Kalau semua ini kalian bisa
lakukan dengan baik, maka percaya sama bapa kamu akan bisa sekolah ke mana
saja, ke negeri mana saja dengan “kekuatan kamu” sendiri. Sejak itu apa yang
disampaikan Guru saya itu…betul-betul menjadi azimat yang saya pelajari dan
ikhtiarkan agar bisa saya wujutkan; bahasa masa kininya mewujudkannya secara
professional, ahli dan jadi trampil dalam bidang yang ada di lingkungan kita
berada. Logikanya. Kalau kita punya ketrampilan yang sesuai atau dibutuhkan
oleh lingkungan kita sendiri, maka tidak terasa kita sudah bisa beradaptasi
dengan lingkungan, merasa dihargai dan diterima oleh lingkungan. Dalam kondisi seperti
itu kita percaya dan yakin semua “jalan, semua ketrampilan adalah Emas”. Saya
sangat ingin menyampaikan pesan-pesan beliau itu kembali dalam versi Catata
Blog Seorang Prajurit Perbatasan dengan bahasa
apa adanya…
Melihat desa tertinggal
di perbatasan tentu tidak semua orang dapat “melihatnya”, karena untuk bisa
melihat ketertinggalan itu hanya dapat dilakukan oleh mereka yang tahu makna
“tertinggal” itu sendiri. Desa tertinggal itu, ya jauh darimana-mana. Secara
fisik desa itu baru dicapai setelah melakukan “perjalanan kaki”, selama satu
atau dua hari, karena memang akses jalannya belum ada.

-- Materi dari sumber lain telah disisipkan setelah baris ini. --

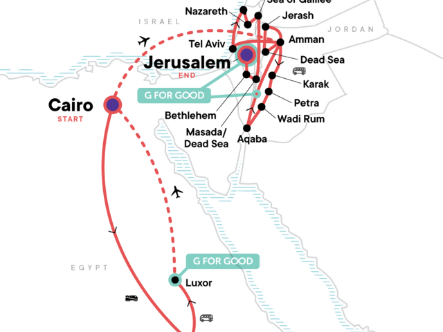 Your Local Living Moment: Druze Village Visit and Traditional Lunch , Isfiya Druze Village. Pyramids of Giza and Sphinx tour. Egyptian Museum guided tour. Felucca Sailing Excursion with support boat for toilet/showers. Kom Ombo and Karnak Temples visit. Colossi of Memnon Visit. Temple of Hatshepsut and Valley of the Kings visit. Funtasia Project visit.Tel Aviv Old Port of Jaffa tour. Akko, Nazareth and Bethlehem visits. Sea of Galilee tour. Guided tour of Masada. Jerusalem Old City walking tour. Jerash guided tour. Dead Sea visit. Madaba mosaics guided tour. Mt Nebo. Karak Castle guided tour. Petra guided tour. Wadi Rum jeep excursion. All entrance fees to included monuments. Internal flights. All transport between destinations and to/from included activities.
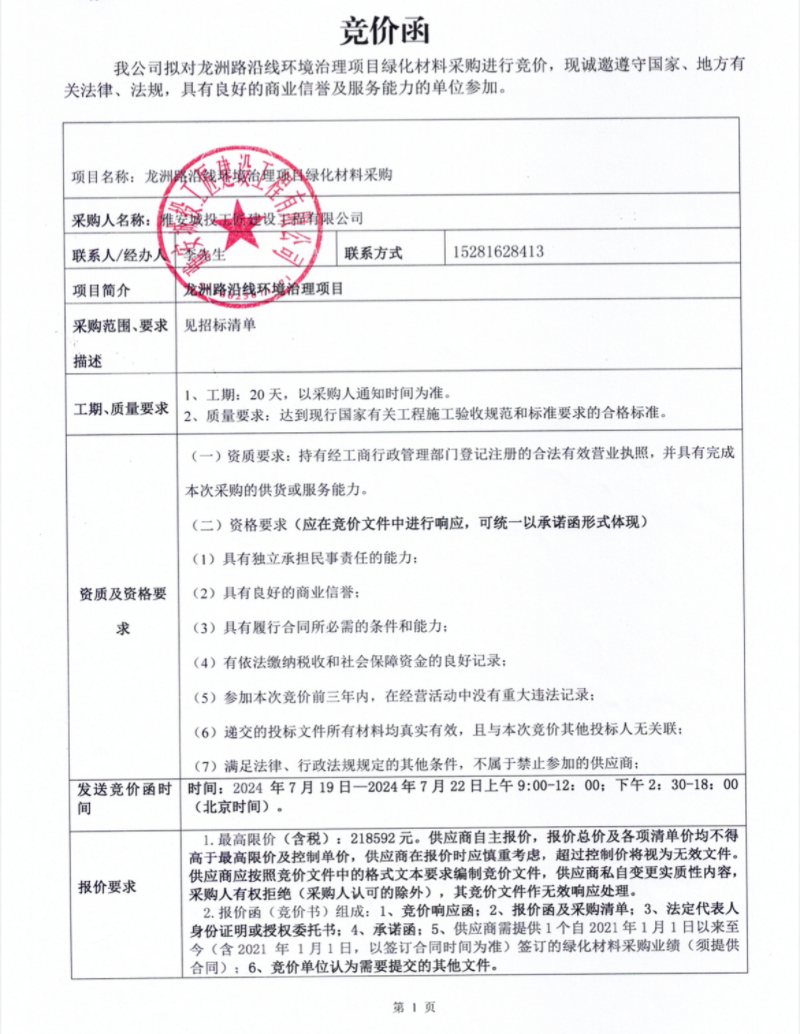 龍洲路沿線環(huán)境治理項(xiàng)目綠化材料采購競(jìng)價(jià)公告
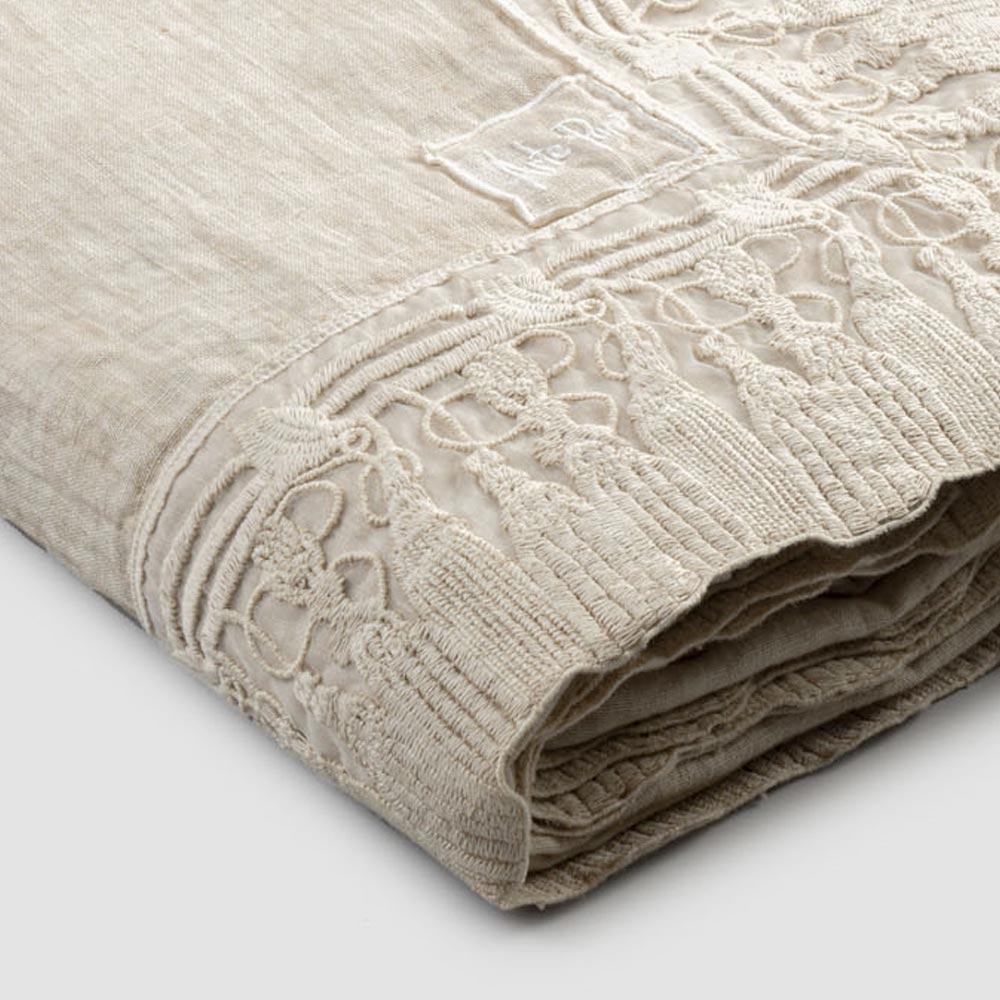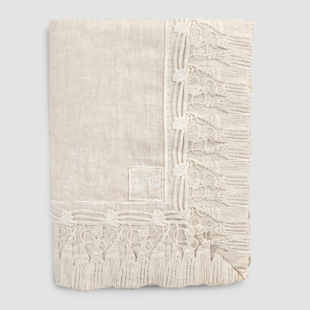 Rechteckige Leinentischdecke mit Spitzenquasten, handgefertigter Luxus made in Italy.
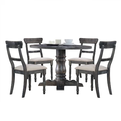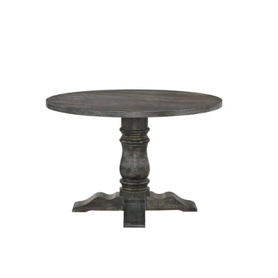Perfect for hosting small get-togethers or as a breakfast table. Whatever your needs may be this Leventis dining table form ACME Furniture is guaranteed to meet them. The weathered gray finish adds depth to the design. It features a beautifully crafted empire column pedestal base. *Matching side chairs available for separate purchase
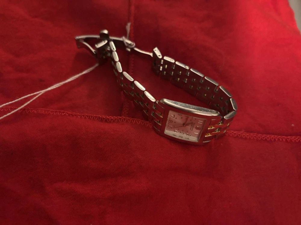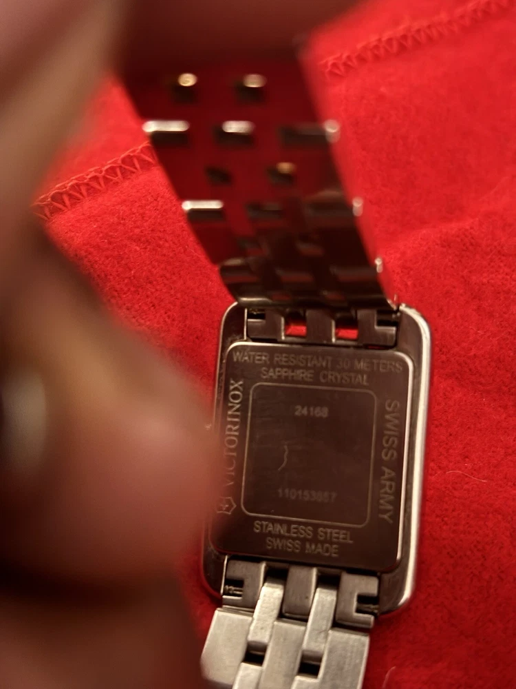 This vintage Victorinox Alliance wristwatch for women features a silver and gold-tone bracelet with a butterfly clasp closure. The square-shaped case is made of polished stainless steel with a smooth silver bezel. The watch has a silver face with Arabic numeral indices, a seconds hand, and a 12-hour dial. The watch is water-resistant up to 30 meters and is powered by a Swiss mechanical quartz movement. It comes with a seller's warranty and is not customized or handmade. The watch is left-handed and has a snap caseback. This luxury watch has a vintage feel and is perfect for both casual and military styles.
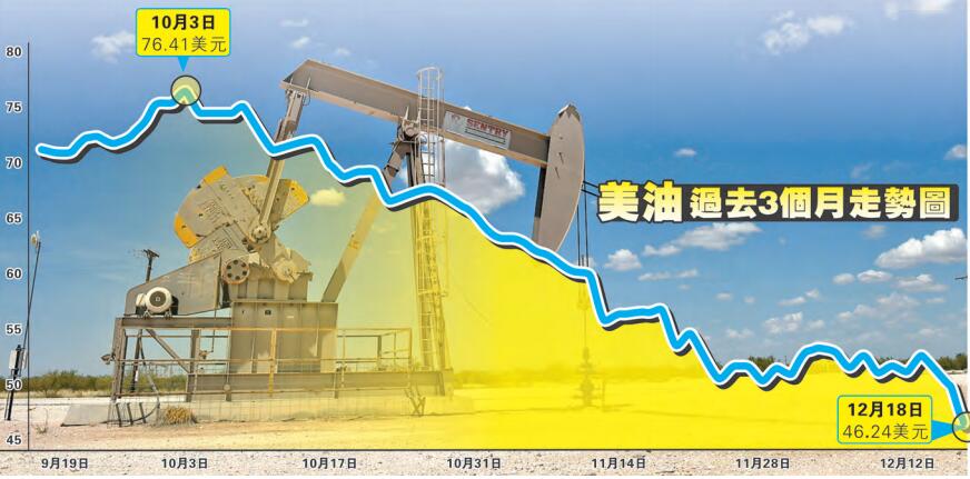 【香港商報网訊】隨着油價周二再次暴跌逾7%,美油價較10月初的四年最高位大跌近40%。自11月初以來,美油已出現四次單日跌幅超過6%的慘烈行情,目前投機性多倉降至兩年多最低水平。有分析員認為,美油可能跌向2017年最低谷的區域,即接近42美元。

Di sepanjang jalan kaki
itu, sama sekali tidak ada “warung”. Karena memang semuanya masih berupa hutan
dan hutan belukar. Kemudian sampailah anda ke perkampungan tertinggal itu. Ya
benar-benar kampung apa adanya. Warung sudah ada, tetapi yang di jual hanya
sebatas, beras, garam dan berbagai super mie serta jajanan anak-anak berupa
permen dan sejenisnya. Rokok memang ada, tetapi lebih banyak jenis tembakau dan
kertas linting. Pendek kata hanya sepertiga dari keperluan sehari-hari,mereka
bisa beli juga karena masih bisa dengan cara barter. Jual kelapa, kemudian beli
minyak tanah dst.dst.
Berikut Buku-Buku Yang
Saya Tulis
Bila di diskripsikan dengan kata-kata masyarakat pedesaan perbatasan terpencil adalah masyarakat yang relatf tertutup, mempunyai ketergantungan kuat dengan alam. Melakukan kegiatan produksi yang bersifat subsistence atau peramu, sekedar mengambilnya dari alam dengan mata pencaharian serabutan. Tidak ada atau memperoleh pelayanan sosial yang sangat minim, menyebabkan tumbuhnya tingkat kualitas SDM yang relatif sangat rendah. Namun demikian, ada juga sebagian masyarakat pedesaan terpencil, khususnya masyarakat adat, mampu menghasilkan produk budaya berkualitas tinggi seperti ukiran suku Asmat, tato suku Mentawai, pengelolaan hutan yang harmonis suku Baduy, dll.
Saya masih ingat
kehidupan dikampung saya di Aekgarugur, Tapanulis Selatan di tahun-tahun 60 an.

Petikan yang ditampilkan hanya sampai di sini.